When 120 members of the Oklahoma Chapter of the American Planning Association meet in Bartlesville in October, they’ll include a visit to the city’s circa-1956, Frank Lloyd Wright-designed Price Tower as an aside from their business meetings at the new 100-room Hilton Garden Inn Bartlesville.

“We get so many groups who are interested in Frank Lloyd Wright, from architecture conferences to the National Historic Preservation Society, whose members visited us as part of a meeting held in Tulsa,” said Maria Swindell Gus, executive director of the Bartlesville Convention and Visitors Bureau.

The site of the state’s first commercial oil well in 1897 and the home of ConocoPhillips today, Bartlesville was built by oil industry barons such as H.C. Price, who hired Wright to build his company’s headquarters in what would become the famed architect’s only finished skyscraper.

Today, the building is on the National Register of Historic Places and includes the 19-room Inn at Price Tower as well as the adjoining Price Tower Arts Center.

“The arts center offers traveling art exhibitions, meeting rooms for 25 and 2,000 square feet of first-floor gallery exhibition space for receptions,” Gus said.

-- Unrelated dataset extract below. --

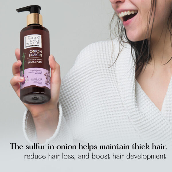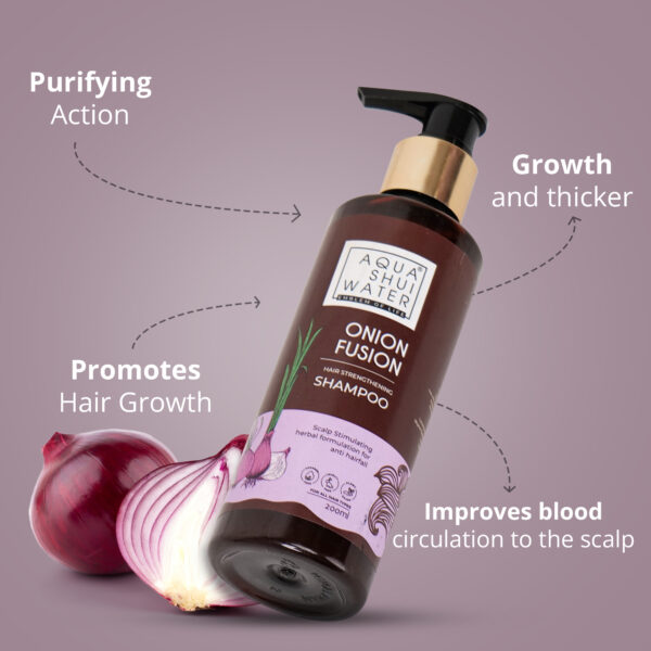 • Nourishing Onion Fusion Formula: The Aqua Shui Hair Strengthening Shampoo is formulated with a unique onion fusion that harnesses the natural benefits of onion extract. Onions are rich in sulfur, which is essential for the production of keratin, a key protein in hair structure. This infusion helps strengthen hair follicles, potentially reducing hair fall while promoting healthier, shinier hair.

The city’s Frank Lloyd Wright connection continues at the Bartlesville Community Center, which was designed by Wesley Peters, chief architect of Taliesin West and Wright’s son-in-law. It features a 1,700-seat performance hall, a 6,000-square-foot community hall and the world’s largest cloisonne mural, which depicts northeastern Oklahoma.

“Since our biggest economic engines are energy and agriculture, we have many meetings from those fields as well as statewide associations, military and religious groups,” Gus said.